Война - самое большое свинство, которое когда-либо изобрел род человеческий.
Но самую подлую роль сыграют газетчики. На войне они делали свой капитал на трупах, питались падалью. Сидели в тылу, ни за что не отвечали и писали свои статьи - лозунги с розовой водичкой. А после войны стали выпускать книги, в которых все передергивали, все оправдывали, совершенно забыв подлость, мерзость и головотяпство, составлявшие основу фронтовой жизни. Вместо того, чтобы честно разобраться в причинах недостатков, чему-то научиться, чтобы не повторять случившегося впредь - все замазали и залакировали.
Не было на передовой: "За Сталина!". Комиссары пытались вбить это в наши головы, но в атаках комиссаров не было.
Люди, которые на войне действительно воевали, обязательно должны были либо погибнуть, либо оказаться в госпитале. Не верьте тому, кто говорит, что прошел всю войну и ни разу не был ранен. Значит, либо ошивался в тылу, либо торчал при штабе.
Скорбь близких, какой бы невыносимой она ни была, длится лишь поколение.
Великолепное шоссе Франкфурт-на-Одере — Берлин, чудо немецкого дорожного строительства, шло с Востока прямо на Запад, вонзалось в пригороды немецкой столицы и, пройдя через весь город, упиралось в Рейхстаг, символ немецкой государственности.

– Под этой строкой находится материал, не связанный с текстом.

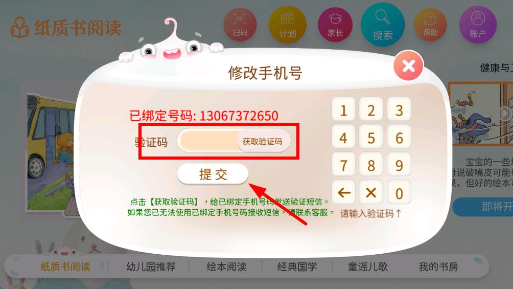 3、點(diǎn)擊修改號(hào)碼后,彈出修改手機(jī)號(hào)界面,輸入手機(jī)號(hào)獲取驗(yàn)證碼點(diǎn)擊提交,后續(xù)按照提示即可完成手機(jī)號(hào)修改。

В начале мая 1945 года по этому шоссе, как по гигантской артерии, двигался мощный поток советских военных машин, вобравший в себя металл, нефть, конструкторскую мысль со всех концов огромной России, а также мощный поток людей в солдатской форме — кровь России, выдавленную изо всех пор земли русской. Все это создавало гигантскую силу, которая должна неотвратимо затопить и раздавить агонизирующую Германию.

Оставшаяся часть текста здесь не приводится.